Ich finde es wirklich immer wieder erschreckend, wenn ich in der Klinik auf Patienten treffe, die das zum ersten Mal erlebt haben und völlig fertig sind. Viele sagen Ja, aber da stand doch akut auf der Einweisung, ich hätte nie gedacht, dass das so lange dauern würde, viele sind einfach nur völlig überrumpelt von dem Zeitraum, viele wussten nicht, dass sie nach der Genehmigung der Kasse noch die Warteliste der Klinik haben, viele hatten viel Stress mit der Genehmigung ...

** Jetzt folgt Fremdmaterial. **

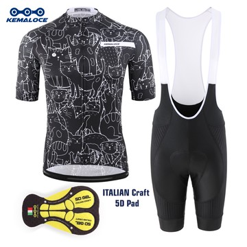 點我下載KEMALOCE 黑色卡通貓 車衣 自行車衣褲 自行車衣 車衣 褲 自行車褲 5D硅膠坐墊 透氣 戶外夏季 單車短褲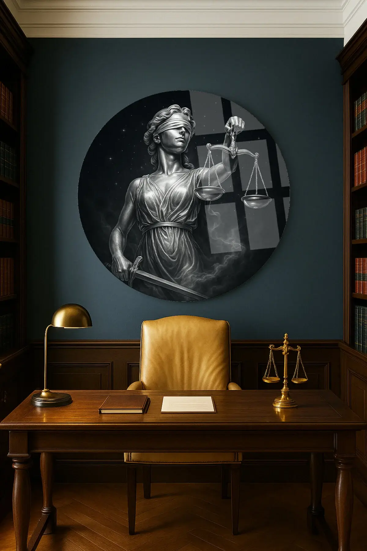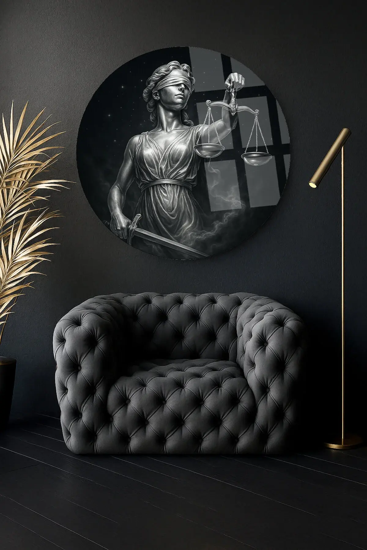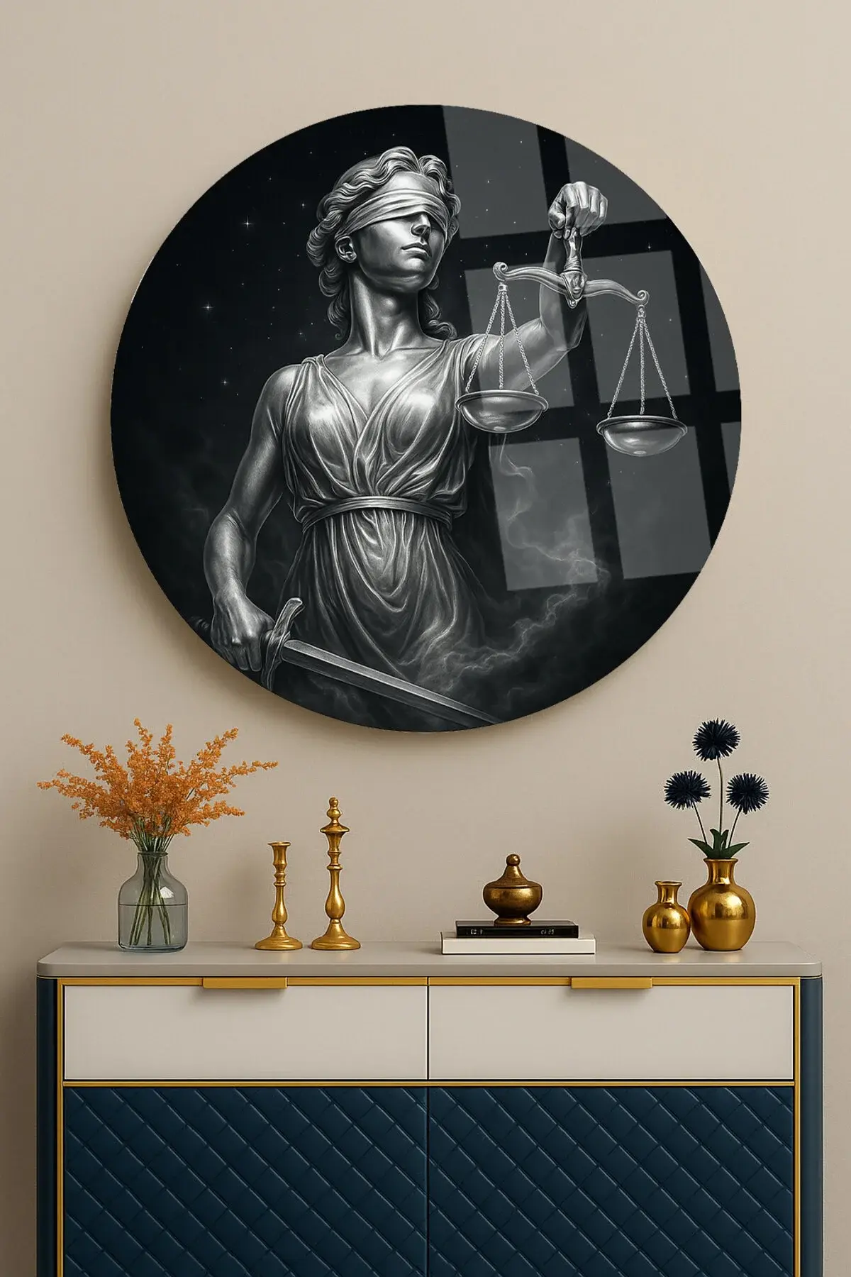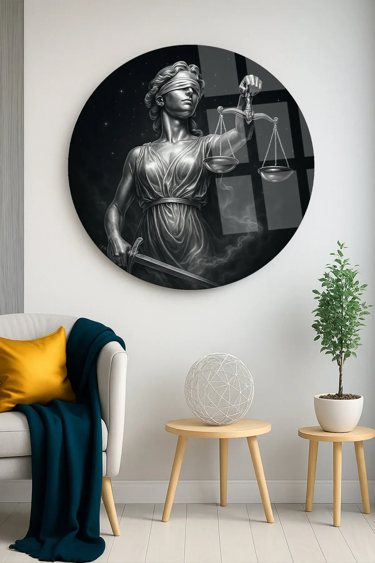 THEMİS HEYKELİ GÜMÜŞ TASARIMI AVUKAT TABLOSU MODERN YUVARLAK KIRILMAZ CAM TABLO LÜKS HEDİYE TABLO

Da wird denen, die eh schon ganz am Boden liegen, wirklich teilweise sehr viel zugemutet.
Ich selber bin auch immer noch mal wieder überrascht, wie schwierig es werden kann, obwohl ich das Verfahren inzwischen kenne.
Wenn die ambulante Psychotherapie-Versorgung nicht so am Boden wäre, wenn nicht der Bedarf das Angebot so massiv übersteigen würde, gäbe es diese Probleme auch nicht in dieser krassen Form.
Aber noch ein paar positive Gedanken zum Schluss: Manchmal geht es ja auch ganz schnell und unkompliziert . Nicht alle Kliniken haben so lange Wartezeiten, und irgendwann geht auch die längste Wartezeit vorbei.